Tandis que je cherche comment j’ai découvert ce groupe (pub à la télé, flyer en sortie de boîte, échantillon gratuit de musique chez mon esthéticienne, j’hésite…), je pars à la recherche d’une habile pirouette pour allécher le chaland, l’inviter à jeter une oreille sur ce concept un peu particulier sans qu’il ne se focalise sur la note que je lui ai donnée qui, quoique ça ne vaille pas plus à mes yeux, ne rend pas réellement honneur à l’idée. Et encore, je suppose que cette idée n’a rien de neuf et qu’elle a été empruntée par une centaine de groupes, je crois d’ailleurs avoir quelques noms sur les lèvres mais je préfère me taire plutôt que de ne laisser aucun doute sur mon ignorance. Toujours est-il que de mon côté, j’entends ça pour la première fois. Methadrone (subtil jeu de mots entre la méthadone, dont on connaît les propriétés analgésiques, et le mouvement musical drone) ne s’encombre d’aucune guitare, et laisse deux basses faire tout le boulot.

Une rythmique et une soliste, schéma classique en fait et que l’on retrouve, bien qu’un peu biaisé, le long de ce « Retrogression ». Pour l’anecdote, l’un des deux bassistes est un ancien d’INCANTATION (Craig Pillard qui joua entre autres sur le malsain « Mortal Throne of Nazarene »). Absolument rien à voir avec ce groupe de brutal death ! Methadrone explore des registres beaucoup plus abstraits, en mélangeant musique ambiante, drone et industrielle, cette dernière étant ralentie pour l’occasion. Pas de chant, aucun texte et une batterie synthétique simplifiée jouée dans la fosse des Mariannes. 11km sous le niveau de la mer, noyade du son sous…je ne sais pas vraiment…un boucan robotique omniprésent et potent, construit par les deux basses.

Comment diable font-ils pour produire ce son avec des basses ? Evidemment, la musique paraît tellement peu organique qu’il y a un travail sur ordinateur derrière, c’est pas possible autrement.

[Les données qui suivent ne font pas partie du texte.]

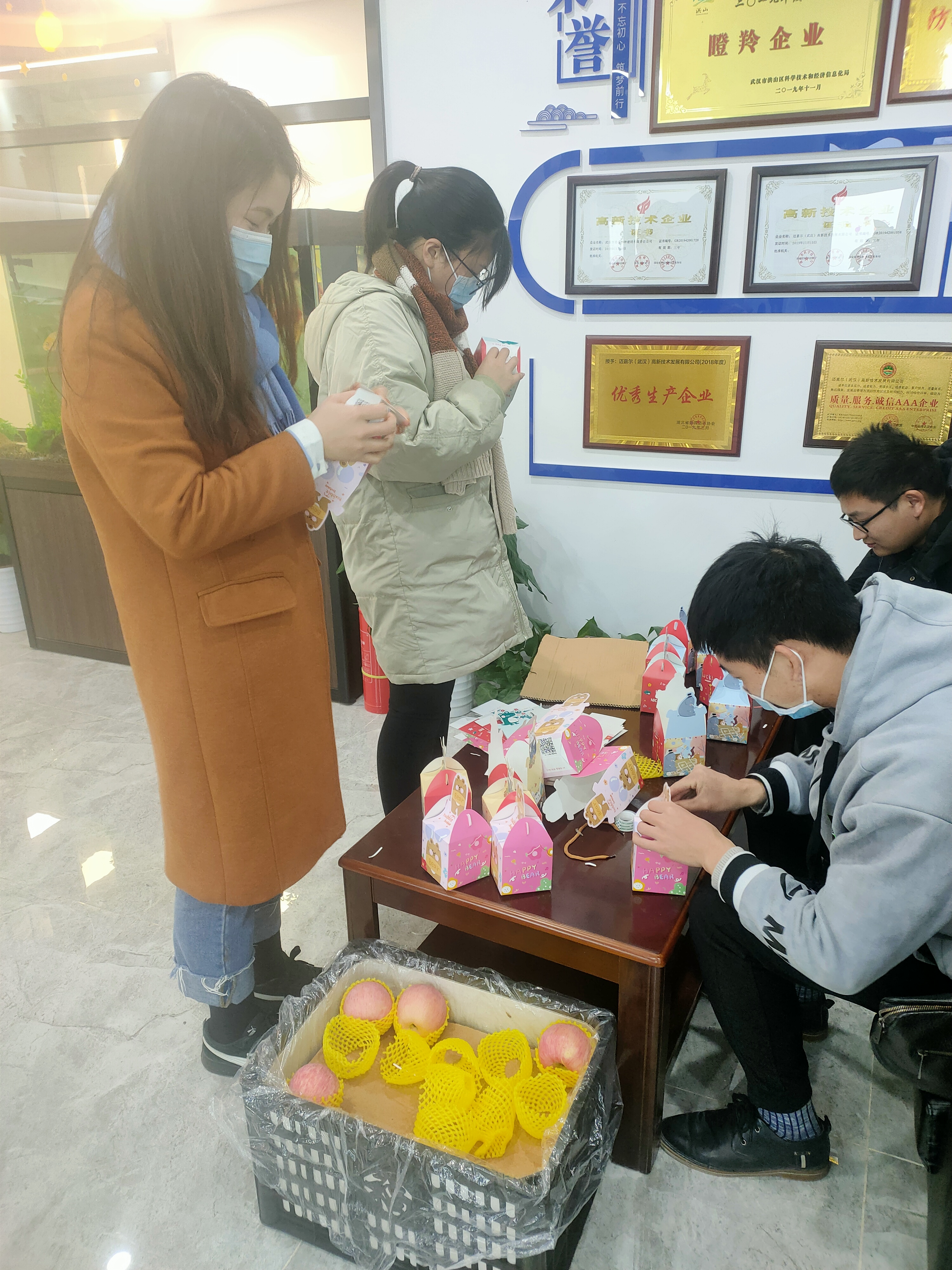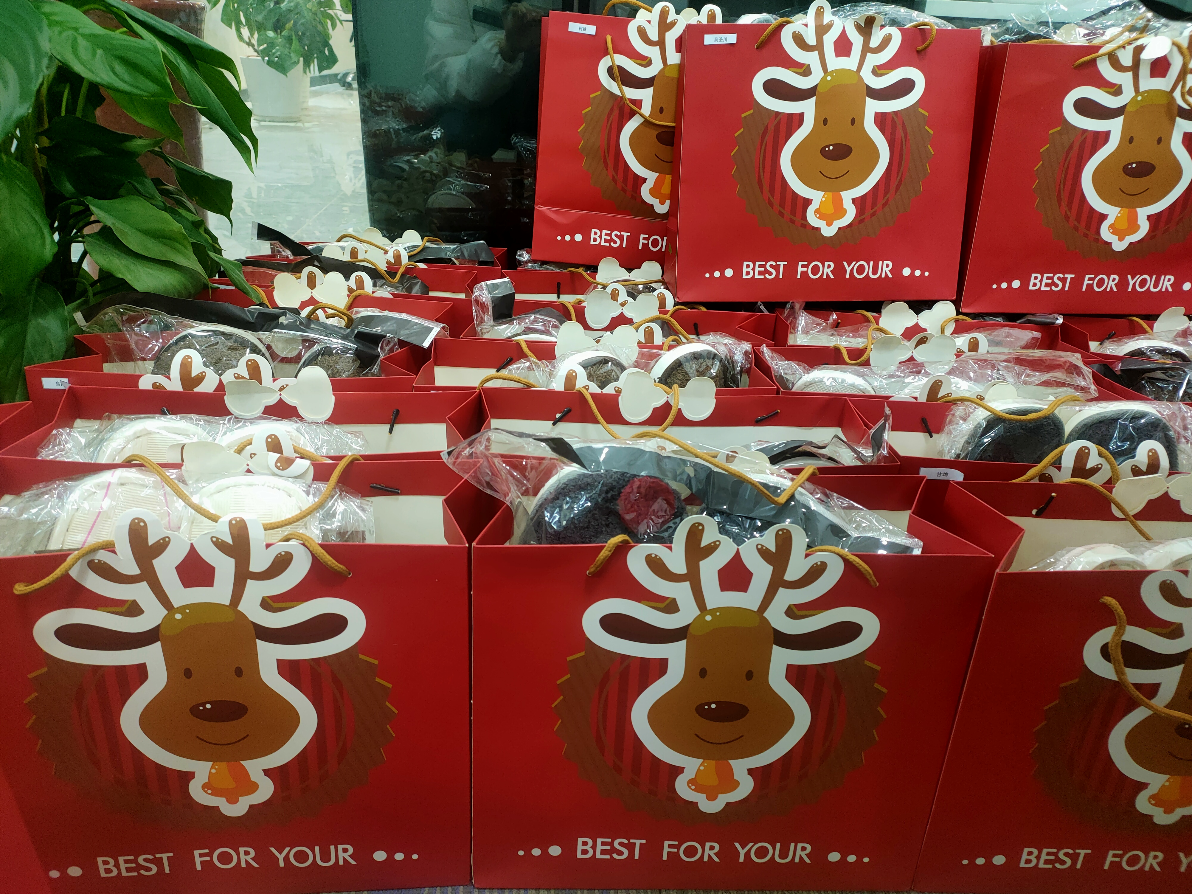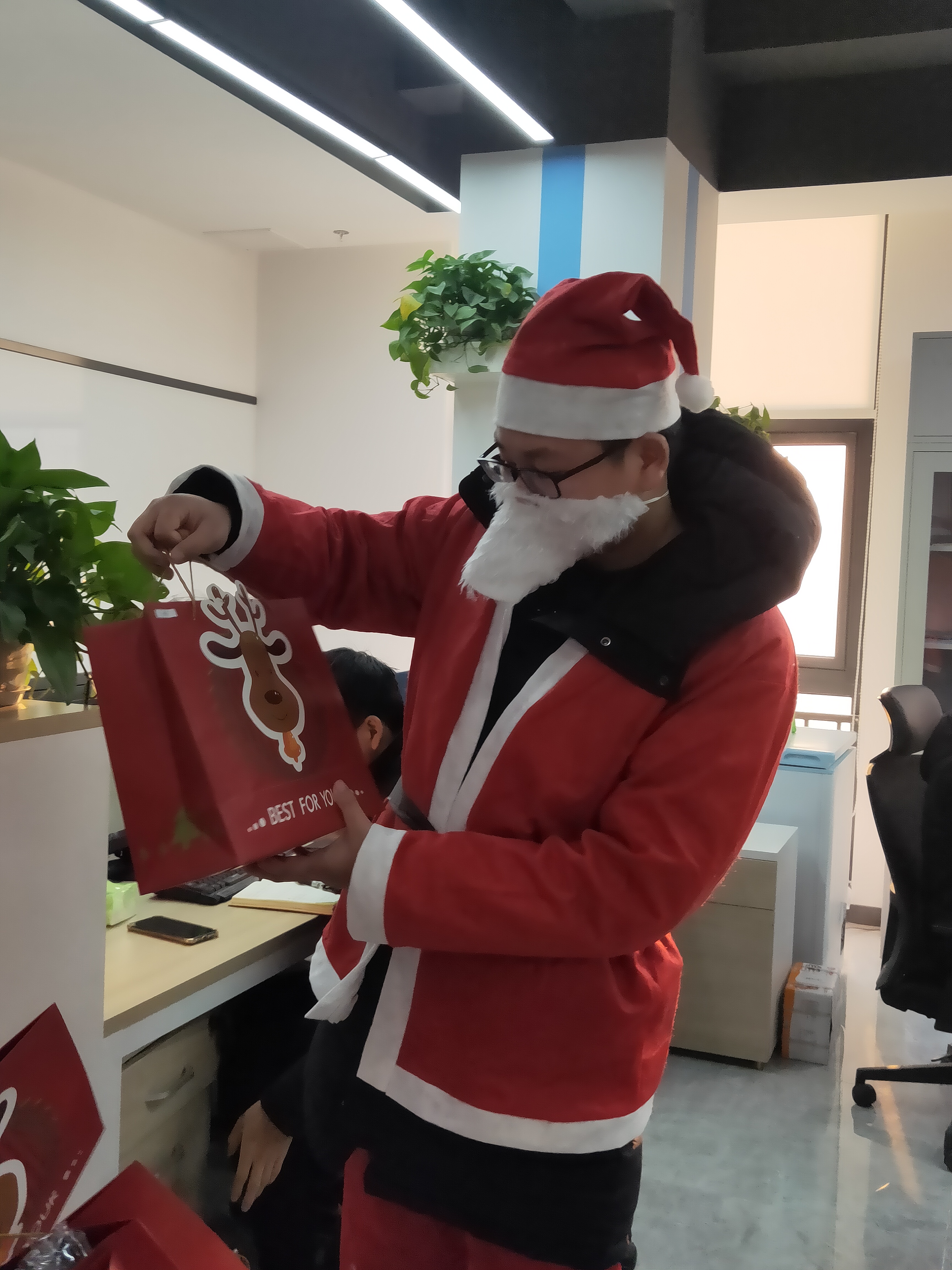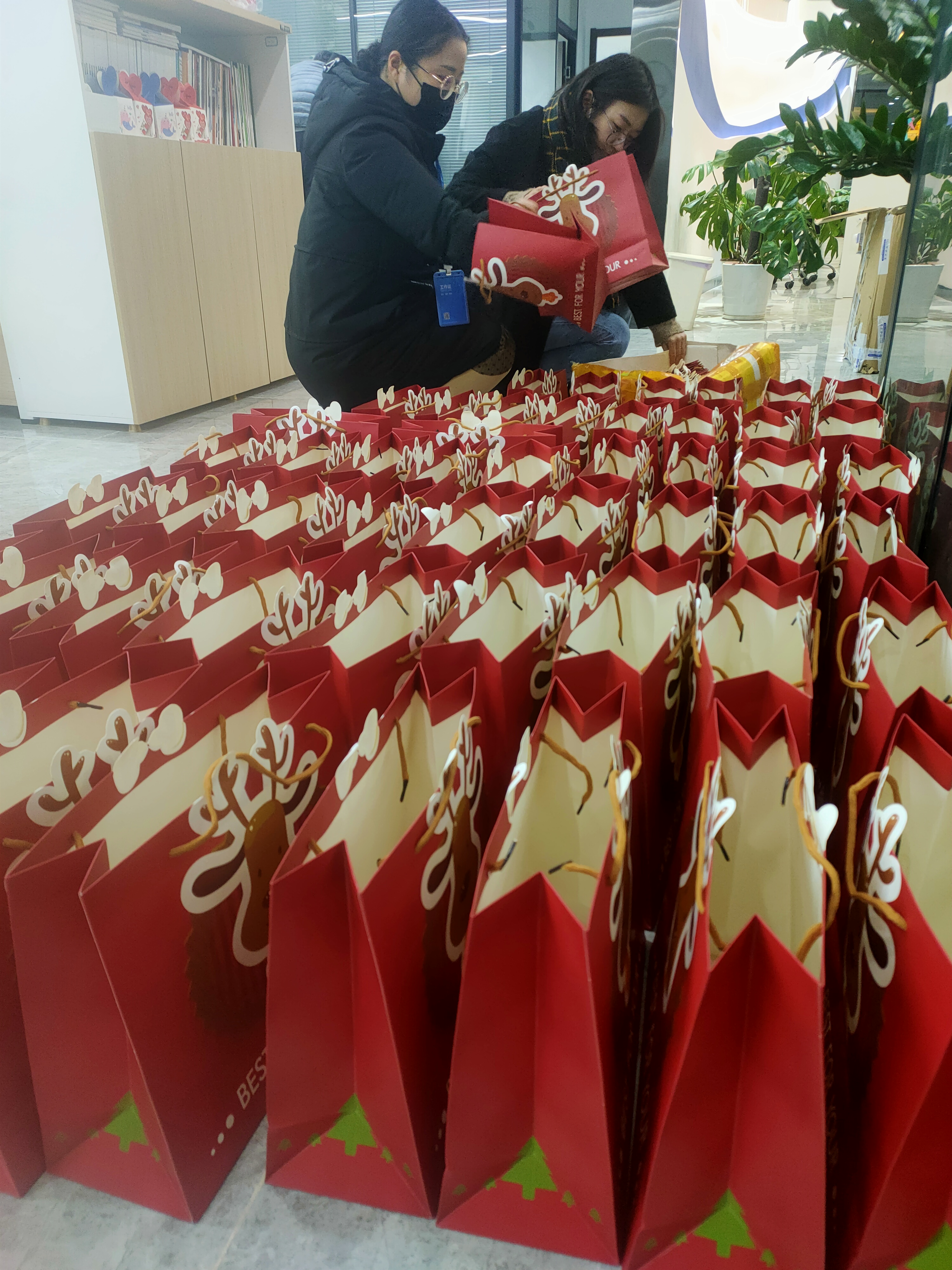在发放至每一位同事手中前,每一份礼物都需要经过最后一道包装流程,才能合格出厂。也多亏这些积极踊跃参与包装的小伙伴,让圣诞节礼物能够顺利准备妥当。

Aucune des deux basses jouées n’est comparable à une basse classique, même la rythmique, pourtant particulièrement grave, s’en éloigne. Elle bâtit au contraire une toile de fond vibrante, en l’alimentant de notes ultra-saturées qui résonnent pendant plusieurs secondes et comblent tout le vide de la pièce. Puis, s’agrège là-dessus la soliste, plus aiguë, stridente même (c’est une basse, ça ??), jouant des notes plus raisonnables qui fondent un simili-riff tout aussi vibrant et inorganique.

Mais l’ensemble est loin d’être hermétique, et nul besoin de porter un bagage musical dans le genre. Methadrone n’est pas compliqué, seul le travail sur le son, la façon dont ils déforment les tonalités pour leur donner des atmosphères vaporeuses, spatiales ou parallèlement menaçantes et apocalyptiques est déroutant. Et c’est ici que les Athéniens s’atteignirent (et les Satrapes s'attrapèrent...). Methadrone peine à installer l’ambiance, les compositions sont courtes et très très statiques. Une fois progressivement édifié le principal accord, Methadrone enclenche le pilotage automatique jusqu’au bout. Tintin pour les breaks et pour les plus minimes variations ! Je suis persuadé que si le groupe laissait les titres s’étaler, répétant de longues minutes ces mêmes accords avant d’évoluer calmement, il aurait été plus pertinent. A fortiori lorsque le tempo est aussi lent. Cette même impression d’avant-goût détestable que l’on maudit pendant les pré-écoutes d’albums à la FNOUC.

Enfin, « Retrogression » n’est pas exempt de défauts. Certains sons peuvent s’avérer poignants et l’ambiance prendre très vite à la gorge; tandis que d’autres s’échinent à être intéressants en construisant une rythmique indus particulièrement bateau. Et n’oublions pas les quasi-identiques premier et dernier morceaux…

Une petite information pour conclure. Le CD ne fait vraiment pas sérieux, slim/CD-R tout mal gravé (obligé de télécharger les mp3 des pistes qui ne passent pas) et livret inutile. Il existe une version DVD avec les clips (??) de certains titres. Si votre grand-mère vient de mourir, c’est le moment de saborder l’héritage…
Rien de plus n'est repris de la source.